The reason I ask is, what was your response to her giving you such a simplistic answer? Do you let it go at that? I understand she was your wife. So for me, whatever you did to get past that horrendous revelation, that not only was your marriage not worth much, but you didn't need to know any more than "I did it because I felt like it", what do you want from this ex-Girlfriend?

 

The strong impression you give, and by your own reckoning, you have clear lines in the sand. And everything you do seems to communicate that either explicitly or implicitly. I take it your wife knew you well enough to see this if we strangers can here in the limited information of an online forum.

 

So she must have known that what she did was going to END any chances of being forgiven. I think you mentioned saying the same to the exGF.

 

Given that you were pretty strong in your position, never showed her any reason to doubt your resolve, etc., do you think its fair to say she knew this would be your reaction to her infidelity and began to simply move away from you. Maybe she is a woman who doesn't like to end things.

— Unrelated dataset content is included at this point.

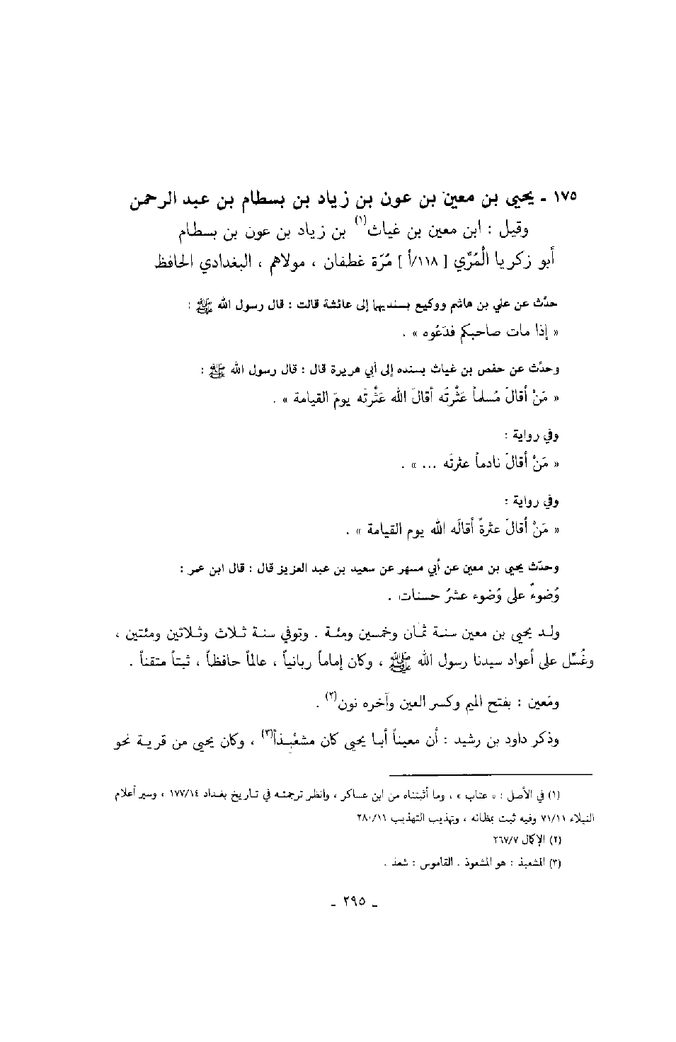 ابن بسطام بن عبد الرحمن وقيل: ابن معين بن غياث بن زياد بن عون بن بسطام أبو زكريا المري مرة غطفان، مولاهم، البغدادي الحافظ حدث عن علي بن هاشم ووكيع بسنديهما إلى عائشة قالت: قال رسول الله صَلَّى اللهُ عَلَيْهِ وَسَلَّمَ: " إذا مات صاحبكم فدعوه ".

She only enjoys the game of capture, allure, and secure.

 

I know a guy who is on maybe his 6th relationship in less than 15 years - in his mid 50s. He constantly finds a woman, falls head over heels for her, moves her into his space / he into hers, and then within a very short period of time, finds himself attracted to yet another. Same cycle over and over again. Finds a girl, buys a house together even, and then months later is moving on and out. I cannot say that any relationship of his has ever really fully run its course. Just when the honeymoon period is ending, a new one begins. He is married again (3rd time is a charm perhaps), seems happy as a peach, but I don't see any happiness that I didn't already see 5 times before. This one seems to understand something about him, having witnessed the two previous ones from a short distance, and started immediately with date nights and long weekend trips. She seems to have grasped the idea he needs constant romance and novelty in his life in order to keep him settled.

 

Who knows with your exGF what was going on in her head. I suppose this is what you want to find out. But I really think the answer to that question, if it ever comes back to you, if she ever decides to ask herself fully what motivates her to hurt people she has aggressively pulled into her world, will be several years down the road.